Community Corner

Slow Road to Recovery for Hit-and-Run Victim Ted Takacs

'What makes it so hard is that while the guys responsible for this are free, Ted is the one who is incarcerated.'

Liz Takacs is short on sleep these days. She's also running out of hope, and could use a winning lottery ticket.

Aside from that, she's thankful her husband is alive. 

Ted Takacs, 78, survived what could easily have been a fatal hit-and-run motorcycle accident on Aug. 22.

Being thankful he's alive is one thing; carrying the weight of what's left in the aftermath an accident that left her husband disabled and their future uncertain, is quite another.

"Ted will never regain his independence. They're telling me he will need 24/7 care. I'm not sure what I'm going to do," said Liz Takacs late last week. "What makes it so hard is that while the guys responsible for this are free, Ted is the one who is incarcerated."  

Ted Takacs had just left the Dunkin' Donuts on West Hollis Street on Oct. 22 just after 10, riding his motorcycle with the side car, as usual, heading to the Everett Turnpike at Exit 5 bound for RJ Motorsports, where he's like one of the family. But just as he got onto the ramp, Takacs was sideswiped by a black Chevy SUV. He tumbled from his bike and landed on the highway.

Takacs was left for dead.

On Sept. 20 State Police, with some help from Nashua Police and tips called in by the public, arrested Benjamin Tucker, 23, and Michael Fawcett, 47, both of Nashua, charged in connection with the accident.

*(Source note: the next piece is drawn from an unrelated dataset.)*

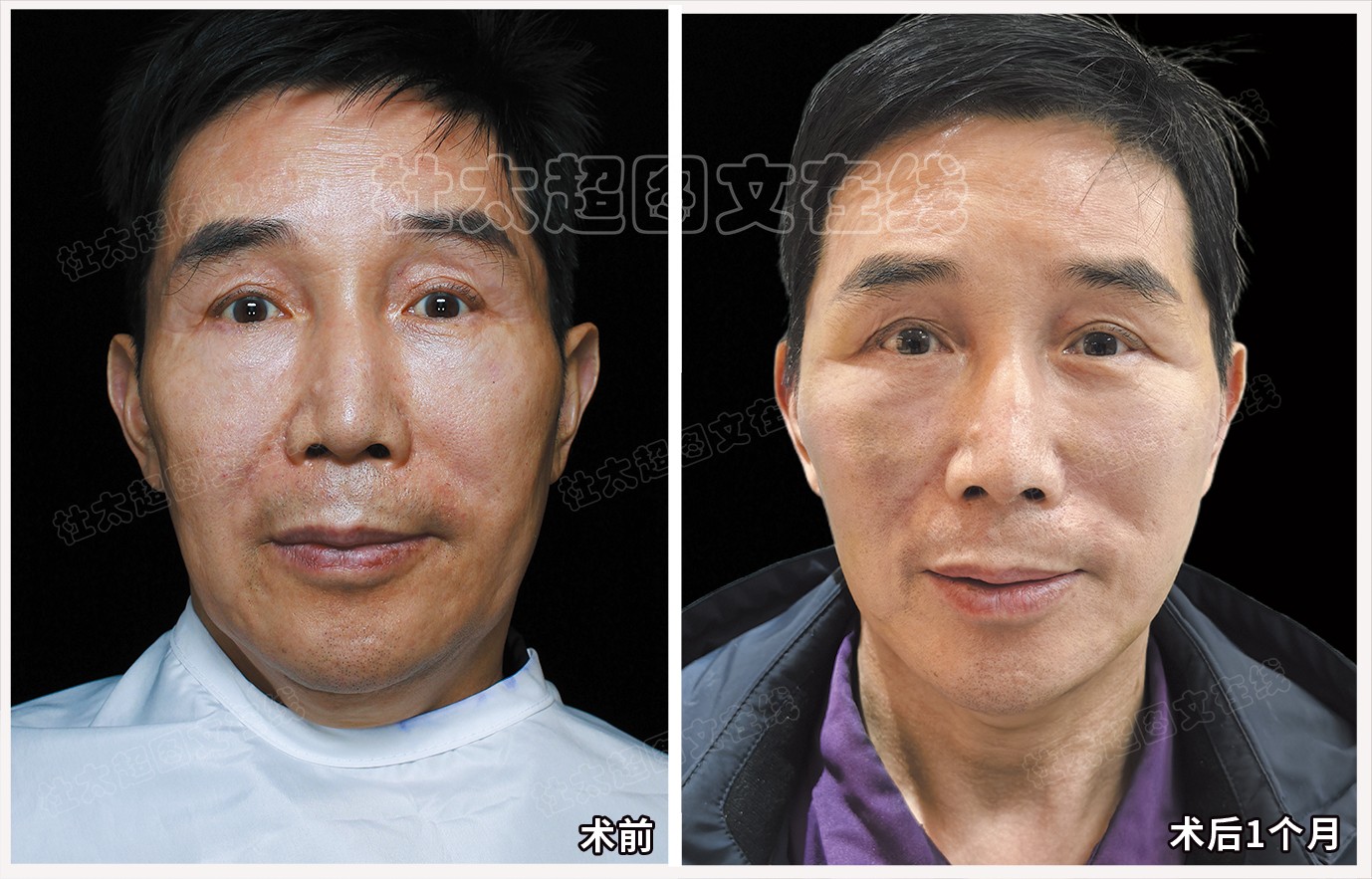 男性中年人拉皮面部提升术后近期随访1个月

One of the two, Fawcett, is the same man arrested for robbing the Lake Street Market just minutes after the hit-and-run accident, state police confirmed. Tucker was arrested again on Oct. 19, for the theft of a television. He was also charged with a similar theft in July.

Meanwhile, Ted Takacs is trying to regain his strength. 

"They said it was a miracle he was alive," said Liz Takacs.  She has until Nov. 5 to figure out what's next – she's trying to find a way to be able to get her husband back home, but because she works full time, and finances are limited, she's not sure what her options are.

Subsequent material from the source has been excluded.